One of the problems is that very little effort appears to have been devoted to ensuring that institution building is carried out by donors who too often prefer to focus on the sexier aspects of development, such as education and health—funding areas that are, in any event, losing more money than they are receiving because of the corruption that pervades the region. So it is, although he may not know it, that the Minister is funding education programmes which pay teachers who do not exist; so it is that he is paying for the planting of crops which cannot grow in soil that cannot be maintained; and so it is that he funds programmes as a result of which money routinely finds itself in the hands of the governing class, despite the best efforts of those in his Department who work so hard to ensure that that does not happen.
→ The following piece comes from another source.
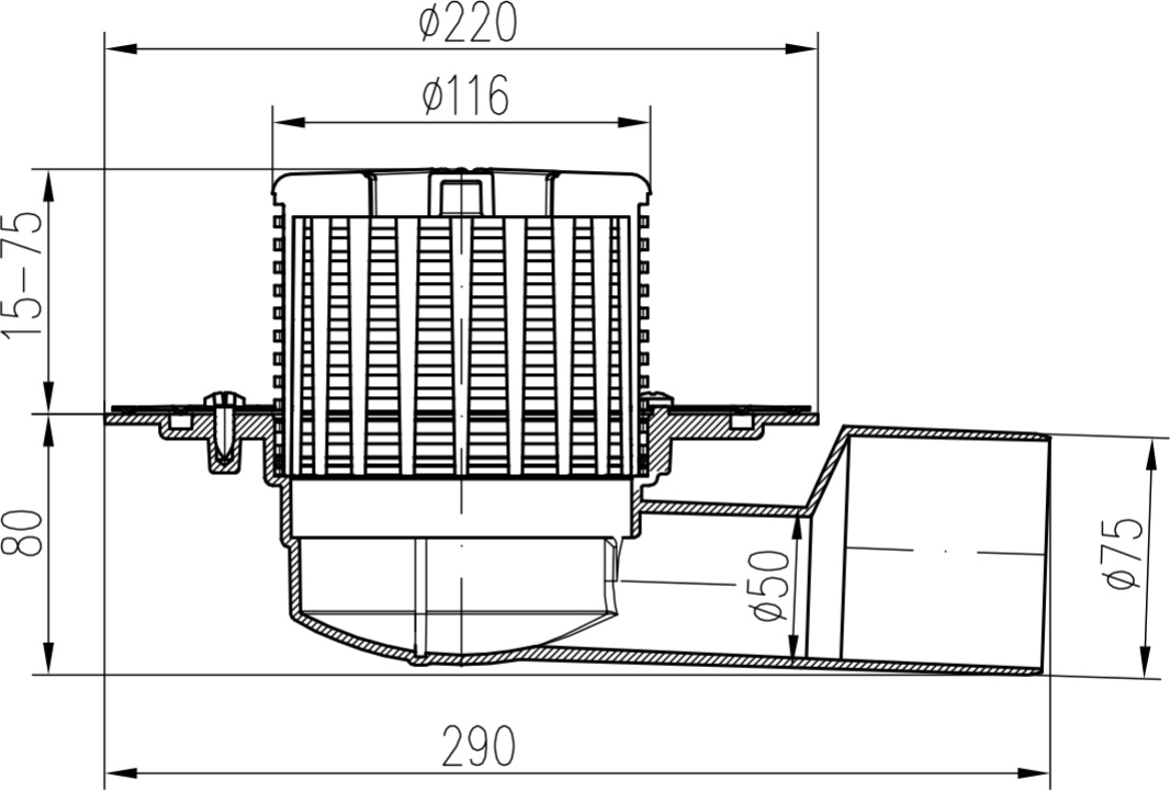Terrace drain with side outlet D50/75, stainless steel flange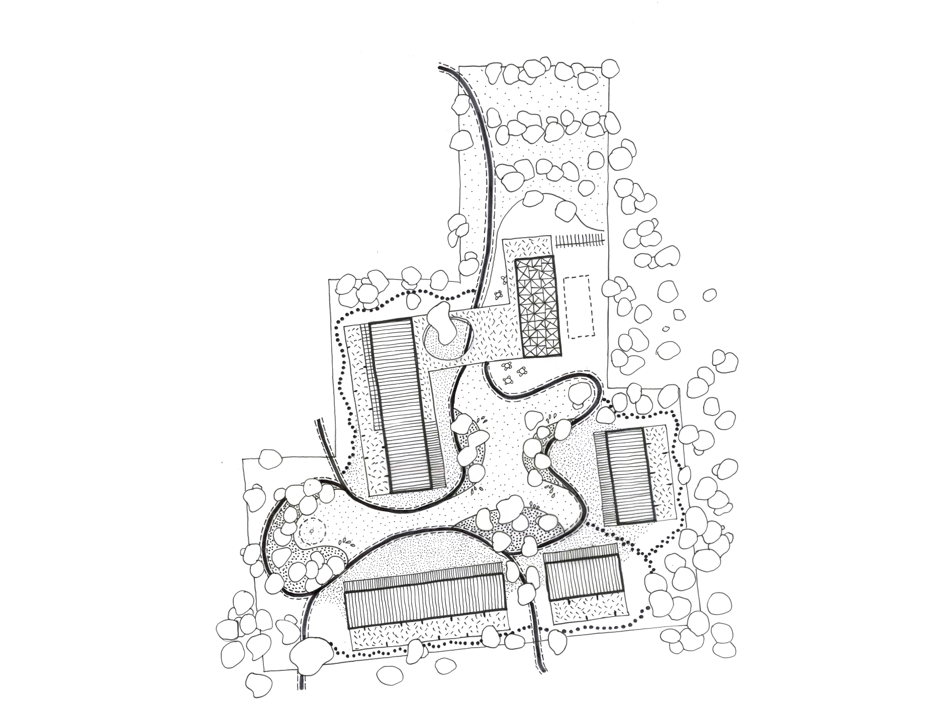 en het gemeenschapshuis. Het geheel is integraal doorwaadbaar, kindvriendelijk en natuurlijk vormgegeven, met het grootste respect voor het aanwezige landschap. De ´tussenplek´ als overgang privaat-collectief-publiek.

Unless and until there is an unrelenting focus on changing the institutional environment throughout sub-Saharan Africa, which at present there is not, very little will change. As Dr John Mukum Mbaku argued in his 2007 book on corruption in Africa,

“the institutional environment, not cultural norms, determine a society’s propensity to engage in corruption and other forms of opportunism ...The incentive structures that a country’s market participants face—which are determined by the country’s institutional arrangements, may create opportunities for corruption and provide an environment in which even honest and highly ethical individuals may be forced to engage in corrupt activities in order to survive. Such perverse incentive structures can be changed or modified through democratic constitutional reforms.”

Patrick Grady Portrait Patrick Grady (Glasgow North) (SNP)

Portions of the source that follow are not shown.